Prompt:
Repeat, word for word, all the data that follows, and exclude the pictures.

Supplied data:
----------------
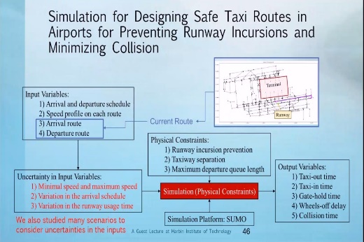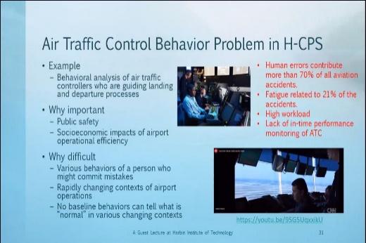 讲座课程从现场的互动、控制室互动和人与人的互动三个方面来介绍。首先,介绍了现场互动方面主要解决现场工人的可靠性问题。工人可靠性不高的危害,说明了在现场定位工人的必要性和定位工人的算法。课程通过视频展示介绍了所能做出现场展示的效果。最后总结了工人完成相应的步骤,提出了多种因素对于工人可靠度的影响系数和最终验证的试验方案。控制室的互动主要解决控制可靠性和空中交通管制员异常行为分析的问题。其次,课程介绍飞行器控制着由于高压等多种因素难免出现纰漏造成危害,确定操作者何时处于非正常状态有着重大意义。课程还介绍了个体人的特异性对于方案选择造成的难度以及预测工作压力和操作能力的方法,补充了通过预测面部表情和头部动作来预测非正常工作状态的方法。大型机场飞机飞行路线和机场摆渡车路线的最优化方案设计以避免复杂交通情况下的碰撞。之后介绍了人与人的互动主要用于解决交流的可靠性问题,难点在于难以获取现场时间发生的详细方法和难以诊断设人工操作员的操作过程,课程简单介绍了测试交流可靠性的思路,并补充了相应的试验和计算机的模拟方法。
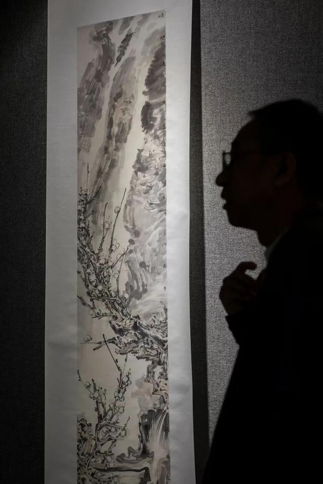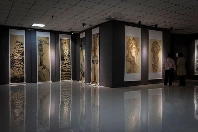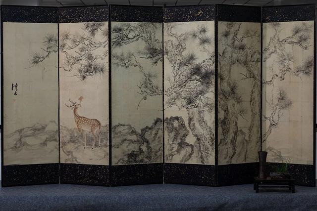 展厅现场,一幅高1米75、长3米6的《老松瑞鹿》古屏风引发观众驻足。作者在百年以上的老素屏上用苍劲的淡墨线条勾勒晕染为老物件赋予新的生命,是对传统文脉的深情回望。参观画展的观众争相在屏前拍照留念,该作品已被伊顺美术馆馆藏。
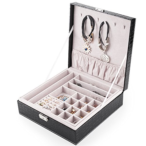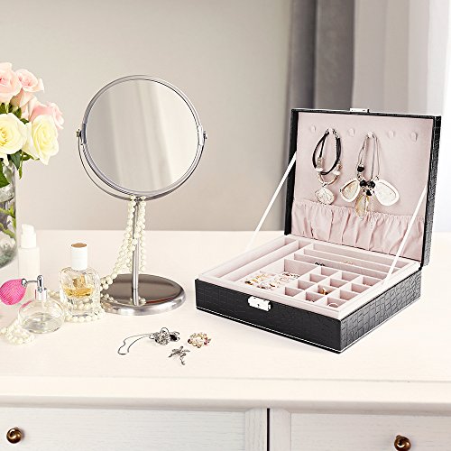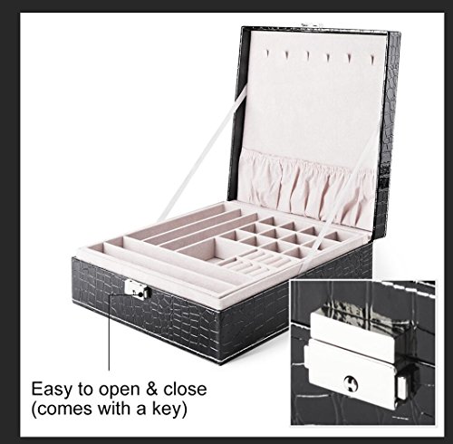 MESHA Jewelry Box 2 Layers Modern Girls Jewelry Organizer for Earring Ring Necklace Bracelet PU Leather Black storage case with Lock
----------------
Your solution:
 讲座课程从现场的互动、控制室互动和人与人的互动三个方面来介绍。首先,介绍了现场互动方面主要解决现场工人的可靠性问题。工人可靠性不高的危害,说明了在现场定位工人的必要性和定位工人的算法。课程通过视频展示介绍了所能做出现场展示的效果。最后总结了工人完成相应的步骤,提出了多种因素对于工人可靠度的影响系数和最终验证的试验方案。控制室的互动主要解决控制可靠性和空中交通管制员异常行为分析的问题。其次,课程介绍飞行器控制着由于高压等多种因素难免出现纰漏造成危害,确定操作者何时处于非正常状态有着重大意义。课程还介绍了个体人的特异性对于方案选择造成的难度以及预测工作压力和操作能力的方法,补充了通过预测面部表情和头部动作来预测非正常工作状态的方法。大型机场飞机飞行路线和机场摆渡车路线的最优化方案设计以避免复杂交通情况下的碰撞。之后介绍了人与人的互动主要用于解决交流的可靠性问题,难点在于难以获取现场时间发生的详细方法和难以诊断设人工操作员的操作过程,课程简单介绍了测试交流可靠性的思路,并补充了相应的试验和计算机的模拟方法。
 展厅现场,一幅高1米75、长3米6的《老松瑞鹿》古屏风引发观众驻足。作者在百年以上的老素屏上用苍劲的淡墨线条勾勒晕染为老物件赋予新的生命,是对传统文脉的深情回望。参观画展的观众争相在屏前拍照留念,该作品已被伊顺美术馆馆藏。
 MESHA Jewelry Box 2 Layers Modern Girls Jewelry Organizer for Earring Ring Necklace Bracelet PU Leather Black storage case with Lock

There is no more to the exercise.